The sandy ground in Mongolia is so soft, and the wind so harsh, that enough earth erodes each year to expose a whole new round of fossils. Of course, the constantly blowing sand quickly destroys the fossils, too. So the Museum crew regularly revisits Ukhaa Tolgod to see what new fossils have emerged after 80 million years underground. Space and time constraints mean that for every specimen removed, hundreds of museum-quality fossils must be left to weather away.

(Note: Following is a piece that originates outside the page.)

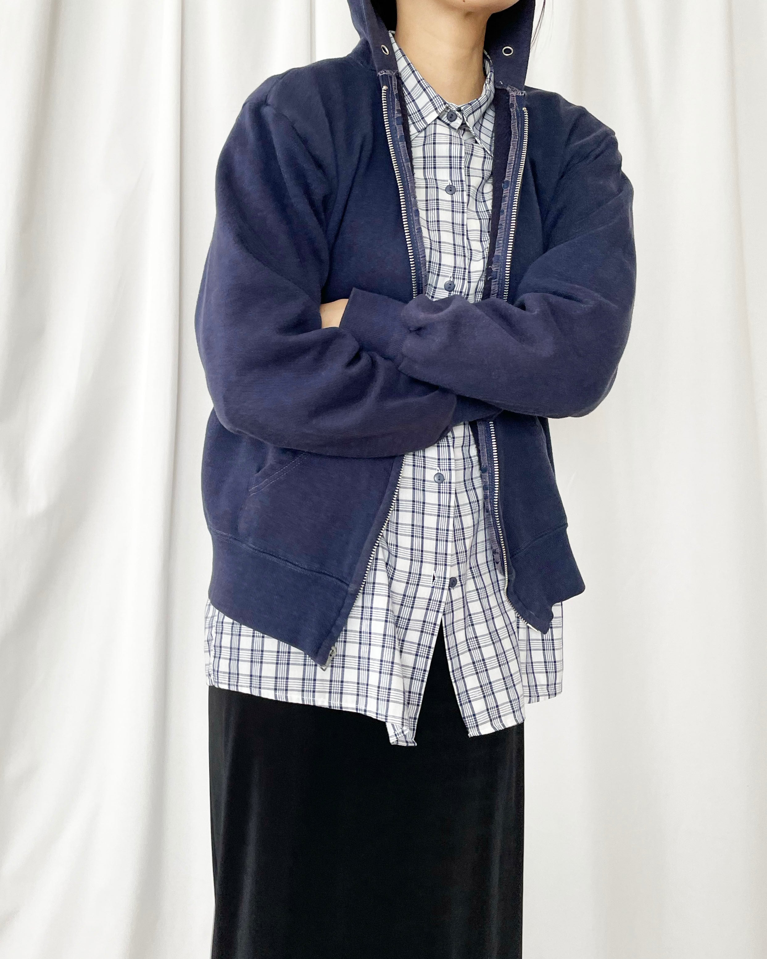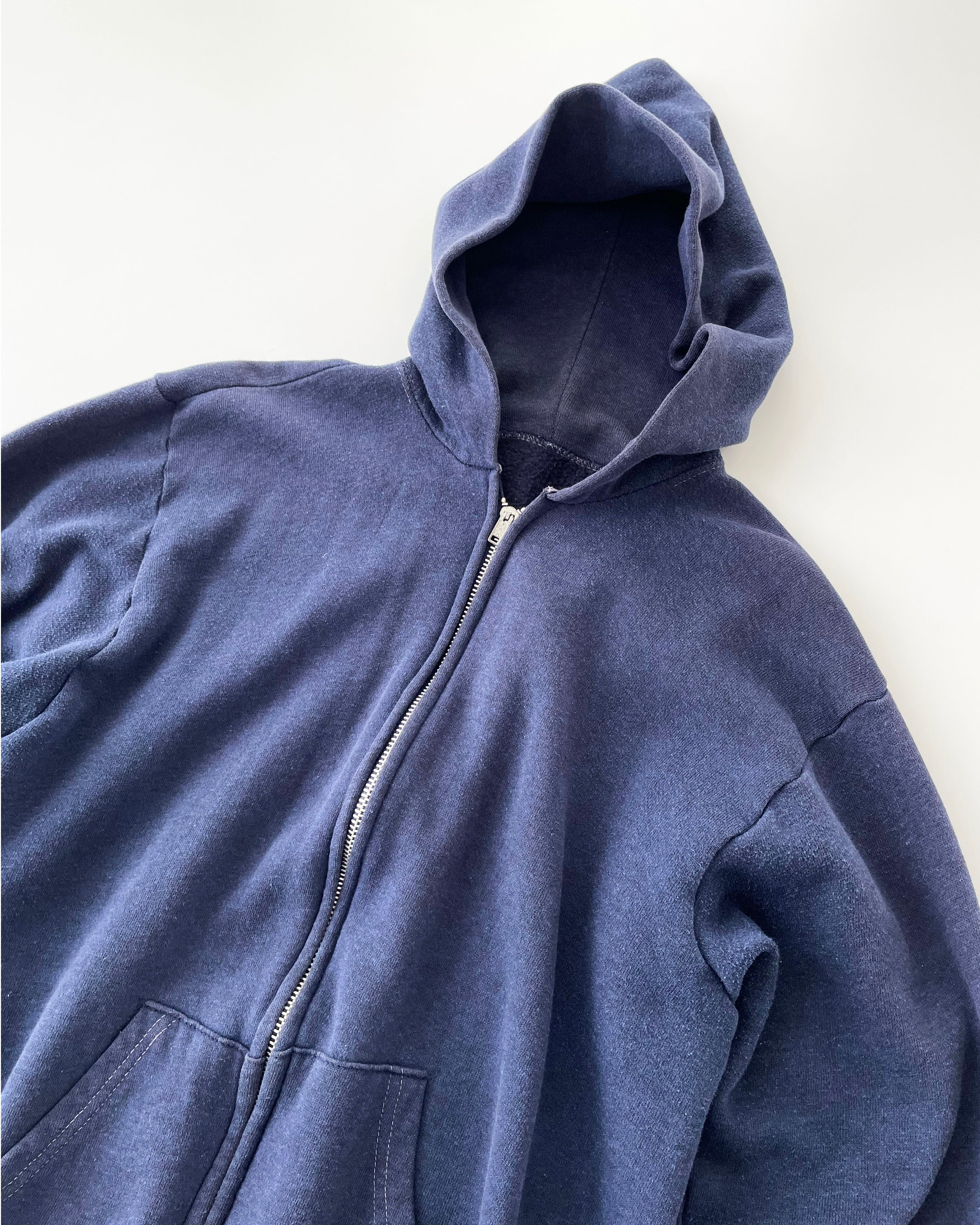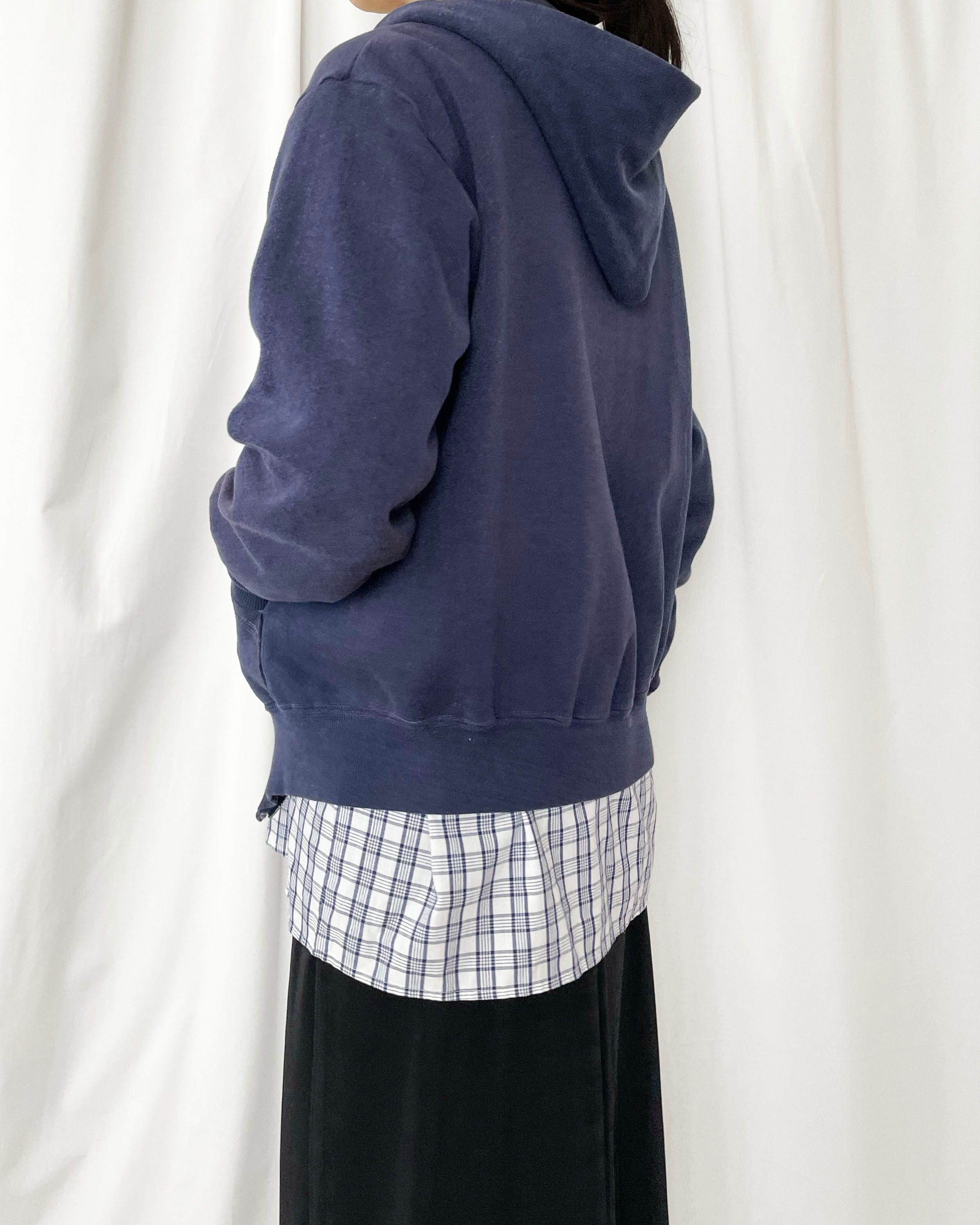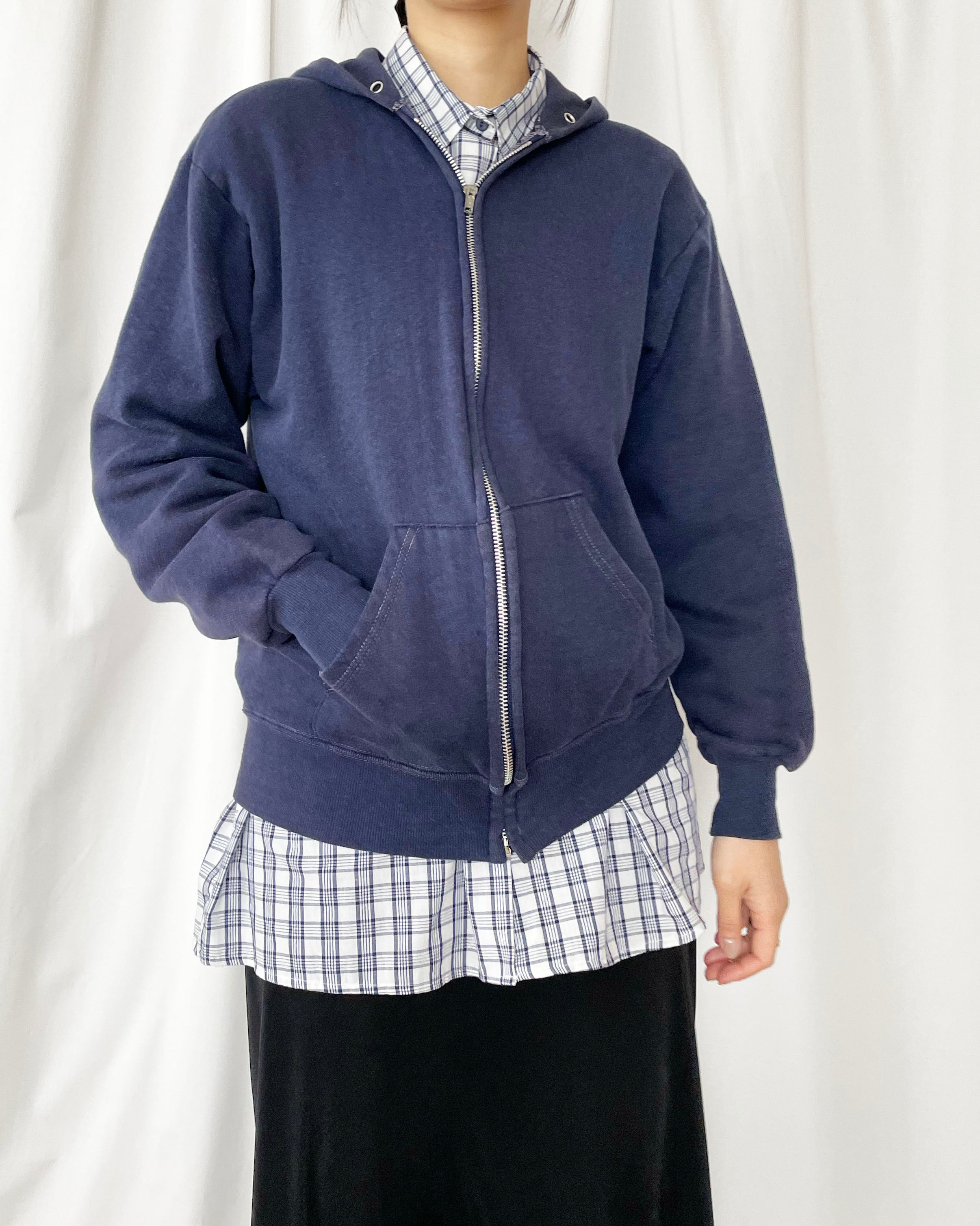 ネイビーカラー、シンプルな裏起毛ジップパーカ。

Going to one of the world’s most remote places yields frequent doses of the unexpected. Some of these sights can be enchanting. On a 1996 expedition, the scientists’ caravan encountered a vast herd of gazelles, numbering in the thousands. The gazelles raced alongside the trucks for a good half hour, dashing just inches in front of the speeding trucks. Other adventures can be enjoyed only in retrospect, as when they saw an immense sheet of white advancing down a hill toward them, which turned out to be a layer of hailstones bobbing on top of a surging flash flood. The freezing water quickly engulfed the road, covered their feet to their knees, and soon left the expedition members walking as fast as they could in deep, hail-strewn water—walking because they needed to test the depth of the puddles before risking the loss of their precious trucks. “That was pretty wild,” Norell recalls.

Norell retired in 2021 after a distinguished 32-year career at the Museum; he is now Curator Emeritus. In addition to curating seven exhibitions at the Museum, including Dinosaurs Among Us (2016) and T. rex: The Ultimate Predator (2019), he has written Discovering Dinosaurs (1995), A Nest of Dinosaurs (2000), Unearthing the Dragon (2005), the coffee-table book The Dinosaur Hunters: The Extraordinary Story of the Men and Women Who Discovered Prehistoric Life, a biography of legendary Museum dinosaur hunter Barnum Brown, with co-author Lowell Dingus (2008), and The World of Dinosaurs: An Illustrated Tour (2019).